Will clip in Tikz to get the complement of the union?
Here is another method using the invclip
key (from https://tex.stackexchange.com/a/59168/14500):
\documentclass{standalone}
\usepackage{tikz}
\tikzset{invclip/.style={clip,insert path={{[reset cm]
(-16383.99999pt,-16383.99999pt) rectangle (16383.99999pt,16383.99999pt)}}}}
\begin{document}
\begin{tikzpicture}
\def\A{(-1,0) circle (1.5cm)}
\def\B{(0,0) circle (1.2cm)}
\begin{scope}
\begin{pgfinterruptboundingbox}
\clip[invclip] \B;
\end{pgfinterruptboundingbox}
\fill[fill=blue!50]\A;
\end{scope}
\begin{scope}
\begin{pgfinterruptboundingbox}
\clip[invclip] \A;
\end{pgfinterruptboundingbox}
\fill[fill=red!50]\B;
\end{scope}
\begin{scope}
\begin{pgfinterruptboundingbox}
\clip[invclip] \A \B;
\end{pgfinterruptboundingbox}
\filldraw[gray!50] (current bounding box.south west) rectangle (current bounding box.north east);
\end{scope}
\draw \A;
\draw \B;
\end{tikzpicture}
\end{document}
Note the even odd rule does not clip the union of both circles.
Lines are drawn half in and half out of a region, so unless you want to reduce their width by half, draw them last.
Also, you were providing two semicolons, and everything after the first is ignored until the next \path
etc.
\documentclass{standalone}
\usepackage{tikz}
\usetikzlibrary{hobby}
\begin{document}
\def\A{(-1,0) circle (1.5cm)}
\def\B{(0,0) circle (1.2cm)}
\begin{tikzpicture}[use Hobby shortcut,closed=true]

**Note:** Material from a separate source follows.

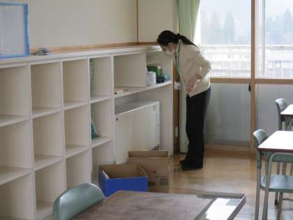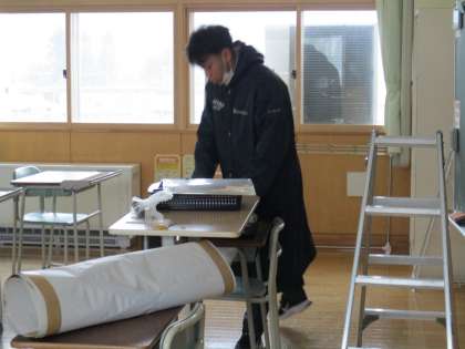 3年生教室の大掃除の様子です。 学年担当教員が、次の学年に教室を引き継げるように最終点検をしました。

\begin{scope}[fill opacity=0.5]
\fill[color=blue]\A;
\fill[color=red] \B;
\end{scope}
\begin{scope}[even odd rule]
\clip (-3,-2) rectangle (3,2) \B \A;
\fill[gray!50] (-3,-2) rectangle (3,2);
\end{scope}
\draw \A;
\draw \B;
\end{tikzpicture}
\end{document}
It is straightforward to determine the contour of the union with calc
and intersections
.
\documentclass[tikz,border=3mm]{standalone}
\usetikzlibrary{calc,intersections}
\begin{document}
\def\A{(-1,0) circle [radius=1.5cm];}
\def\B{(0,0) circle [radius=1.2cm];}
\begin{tikzpicture}
\begin{scope}[fill opacity=0.5]
\fill[color=blue]\A;
\fill[color=red] \B;
\end{scope}
\draw[name path=A] \A;
\draw[name path=B] \B;
\begin{scope}[fill opacity=1]
\path[name intersections={of=A and B},fill=orange]
let \p1=($(intersection-1)-(-1,0)$),\p2=($(intersection-1)$),
\n1={atan2(\y1,\x1)},\n2={atan2(\y2,\x2)} in
(intersection-1) arc[start angle=\n1,end angle=360-\n1,radius=1.5]
arc[start angle=360-\n2,end angle=\n2+360,radius=1.2]
-- cycle (-3,-2) rectangle (1.7,2) ;
\end{scope}
\end{tikzpicture}
\end{document}